** EXTRACTED ENTRIES follows **

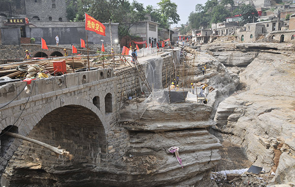 8月2日,在河北井陘縣南峪鎮(zhèn)臺頭村,交通部門正在搶修一座橋梁,橋下是這次洪災(zāi)沖出的古河床。
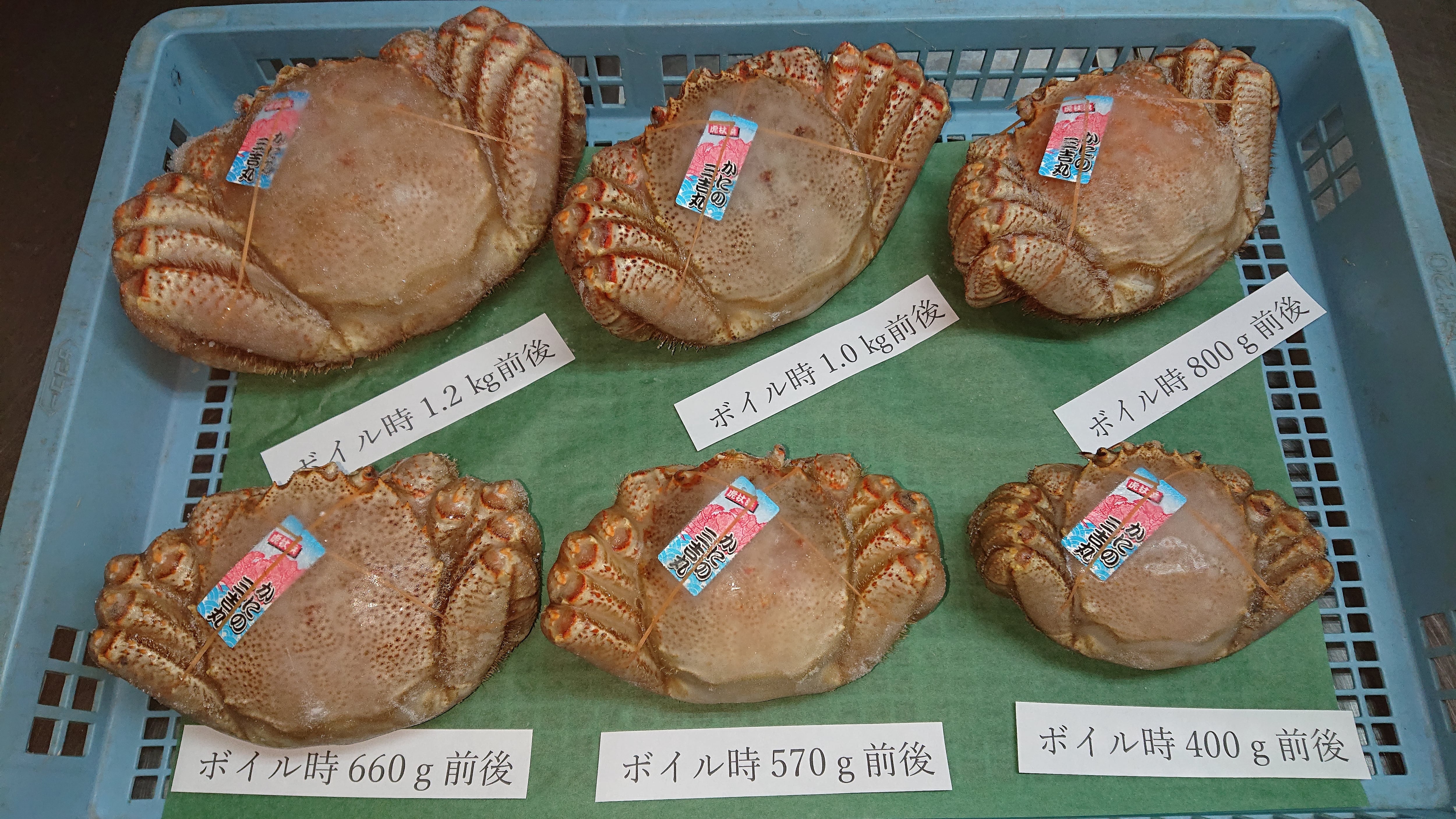 ※毛ガニは甲羅の重さを含んだ全体の重さの表記となります。
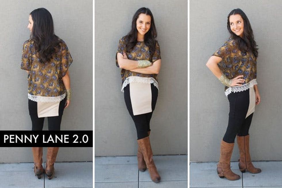 Admittedly, the look before this is channeling the same Penny Lane vibe. You know, Penny Lane the ultimate Band-Aid (aka Groupie) from Almost Famous? Love the hippie top over a pair of leggings with chunky boots.
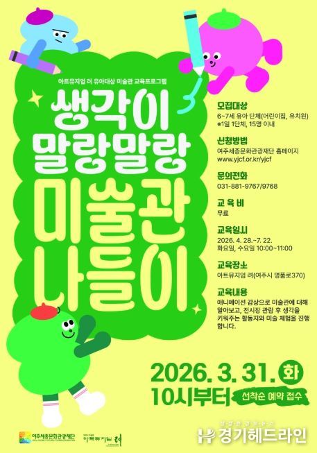 [경기헤드라인=정현수 기자] 여주세종문화관광재단은 유아를 대상으로 하는 미술관 교육프로그램 '생각이 말랑말랑, 미술관 나들이'를 오는 4월부터 10월까지 아트뮤지엄 려에서 운영한다고 밝혔다.
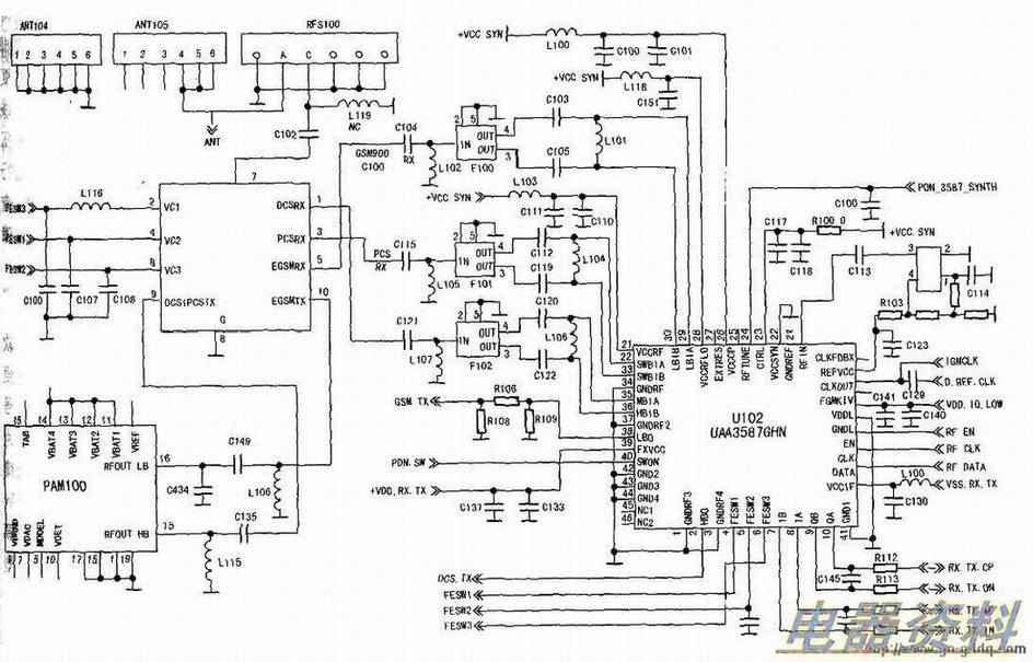 若连接金属导线到L108处,手机仍不能进入服务状态,检查相应的、、等是否损坏。若元件正常,检查更换功放模块PAM100天线开关Ul00或检查U200(CPU)电路等。
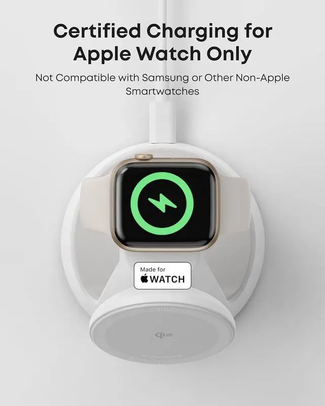 Certified Fast Charging for Apple Watch: Boasts official certification, enabling you to power your Apple Watch Series 10 from 0 to 100% in just 1 hour and 13 minutes. (Note: Data based on internal lab testing; actual charging times may vary.)
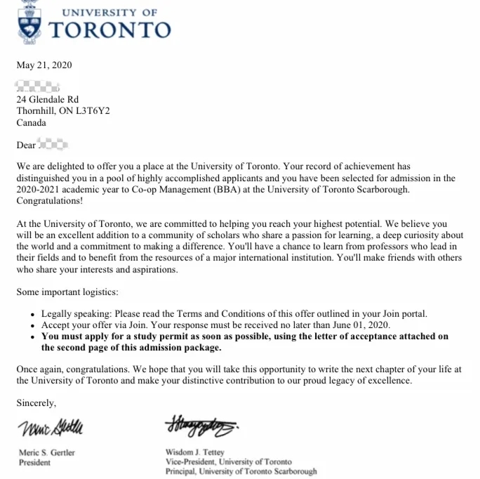 高雪儿是OSSD项目的第一届学生。于2019年8月到加拿大安博逊高中就读12年级。此次申请大学,斩获多伦多大学三个校区的数学、商科及管理专业的offer,其中多伦多大学士嘉堡校区的带薪实习专业(Co-op)BBA是最难申请的专业之一。除此之外,她同时还收到了麦克马斯特两个专业及西安大略大学的offer。下面首先让我们来目睹让许多留学生神往的大学offer 是怎样的。
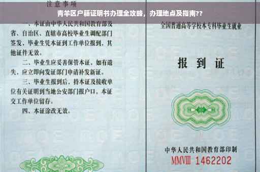 摘要:青羊区户籍证明书办理指南,告诉您如何轻松办理户籍证明书。想要知道青羊区的户籍证明书在哪里办理吗?办理流程简便快捷,只需前往指定地点提交相关材料,即可完成办理。如果您需要办理青羊区户籍证明书,请按照本指南操作,轻松解决您的需求。
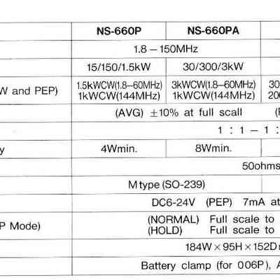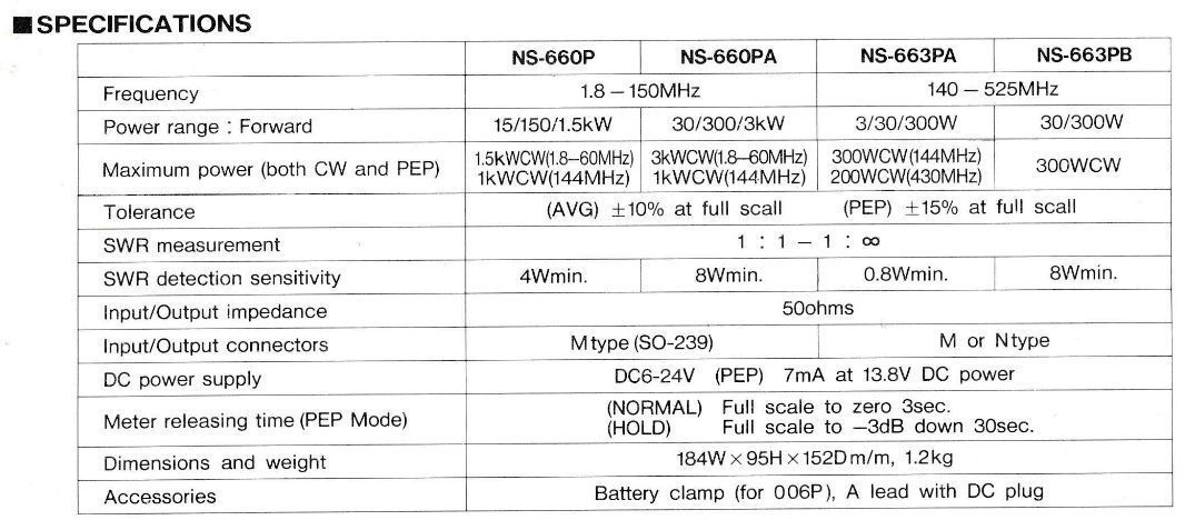 NS-663PB 140–525 MHz, 300 watts (see chart for specifics)
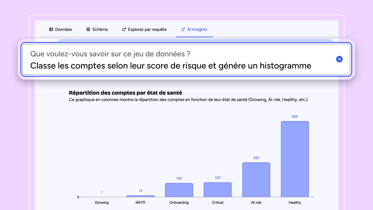 Économisez un temps précieux dans la création de vos visualisations de données grâce à notre assistant virtuel basé sur l’IA. Il génère automatiquement une variété de blocs, incluant des cartes, des indicateurs ou encore des graphiques, en répondant simplement à des questions posées en langage naturel. La création de data visualisations n’a jamais été aussi simple et accessible.
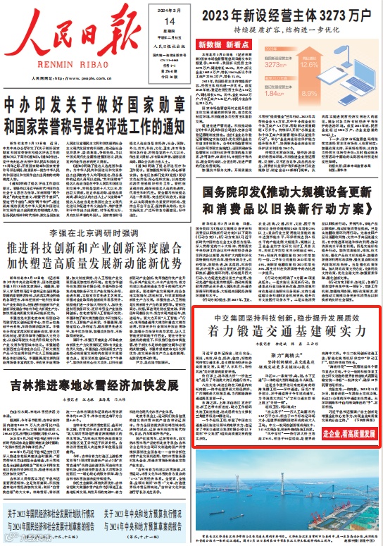 3月14日,《人民日报》头版刊发题为《中交集团坚持科技创新,稳步提升发展质效 着力锻造交通基建硬实力》的报道,详细讲述中交集团在交通基础设施建设领域迈向高质量发展的进展和成就。现将文章转载如下:
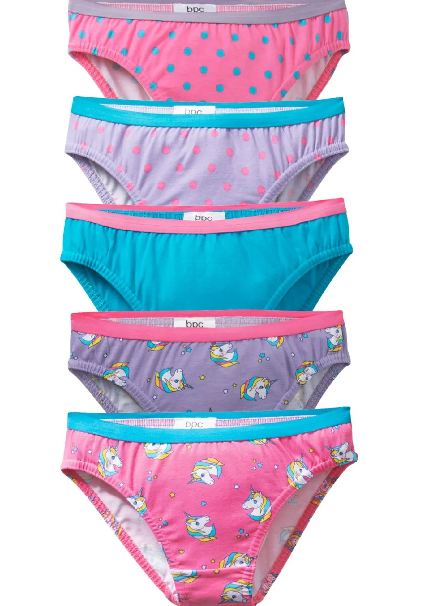 Braguitas en un práctico envase con 5 unidades. 4 con un precioso estampado y 1 de un solo color. Estas braguitas combinan perfectamente con bustiers y tops.
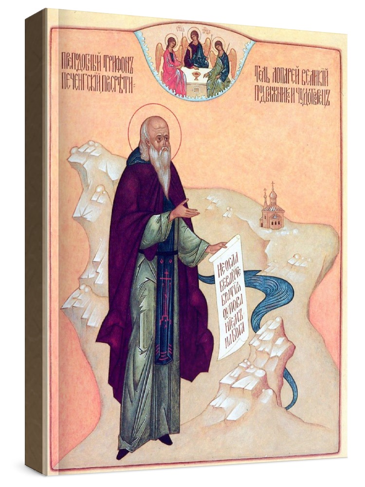 Икона трифон печенгский. Икона на заказ. Срок изготовления - 1-2 недели. Изображение нанесено на основу из натурального хвойного дерева методом прямой печати (не полиграфия). Деревянная основа иконы подвержена искусственному старению. Лик покрыт специальным лаком, что защищает икону от воздействий окружающей среды и обеспечивает хранение иконы в первозданном виде в течение нескольких десятилетий. Цена зависит от размера иконы (высота может незначительно отличаться от указанной величины в связи с точным соблюдением пропорций оригинала): 10x13*- 1500 руб. 30x40 - 5000 руб. 60x80 - 15000 руб. 15x18 - 2250 руб. 40x60 - 8000 руб. 80x120 - 20000 руб. 20x25 - 3000 руб. * - изготовление иконы 10х13 см возможно только при заказе от 3 шт.

** End of EXTRACTED ENTRIES **

WHAT NEEDS TO BE DONE: Nothing but an exact copy is asked for: the lines from the start of the records through the line with "Braguitas en un", both ends included, minus any pictures.

WRITTEN SOLUTION:
 8月2日,在河北井陘縣南峪鎮(zhèn)臺頭村,交通部門正在搶修一座橋梁,橋下是這次洪災(zāi)沖出的古河床。
 ※毛ガニは甲羅の重さを含んだ全体の重さの表記となります。
 Admittedly, the look before this is channeling the same Penny Lane vibe. You know, Penny Lane the ultimate Band-Aid (aka Groupie) from Almost Famous? Love the hippie top over a pair of leggings with chunky boots.
 [경기헤드라인=정현수 기자] 여주세종문화관광재단은 유아를 대상으로 하는 미술관 교육프로그램 '생각이 말랑말랑, 미술관 나들이'를 오는 4월부터 10월까지 아트뮤지엄 려에서 운영한다고 밝혔다.
 若连接金属导线到L108处,手机仍不能进入服务状态,检查相应的、、等是否损坏。若元件正常,检查更换功放模块PAM100天线开关Ul00或检查U200(CPU)电路等。
 Certified Fast Charging for Apple Watch: Boasts official certification, enabling you to power your Apple Watch Series 10 from 0 to 100% in just 1 hour and 13 minutes. (Note: Data based on internal lab testing; actual charging times may vary.)
 高雪儿是OSSD项目的第一届学生。于2019年8月到加拿大安博逊高中就读12年级。此次申请大学,斩获多伦多大学三个校区的数学、商科及管理专业的offer,其中多伦多大学士嘉堡校区的带薪实习专业(Co-op)BBA是最难申请的专业之一。除此之外,她同时还收到了麦克马斯特两个专业及西安大略大学的offer。下面首先让我们来目睹让许多留学生神往的大学offer 是怎样的。
 摘要:青羊区户籍证明书办理指南,告诉您如何轻松办理户籍证明书。想要知道青羊区的户籍证明书在哪里办理吗?办理流程简便快捷,只需前往指定地点提交相关材料,即可完成办理。如果您需要办理青羊区户籍证明书,请按照本指南操作,轻松解决您的需求。
 NS-663PB 140–525 MHz, 300 watts (see chart for specifics)
 Économisez un temps précieux dans la création de vos visualisations de données grâce à notre assistant virtuel basé sur l’IA. Il génère automatiquement une variété de blocs, incluant des cartes, des indicateurs ou encore des graphiques, en répondant simplement à des questions posées en langage naturel. La création de data visualisations n’a jamais été aussi simple et accessible.
 3月14日,《人民日报》头版刊发题为《中交集团坚持科技创新,稳步提升发展质效 着力锻造交通基建硬实力》的报道,详细讲述中交集团在交通基础设施建设领域迈向高质量发展的进展和成就。现将文章转载如下:
 Braguitas en un práctico envase con 5 unidades. 4 con un precioso estampado y 1 de un solo color. Estas braguitas combinan perfectamente con bustiers y tops.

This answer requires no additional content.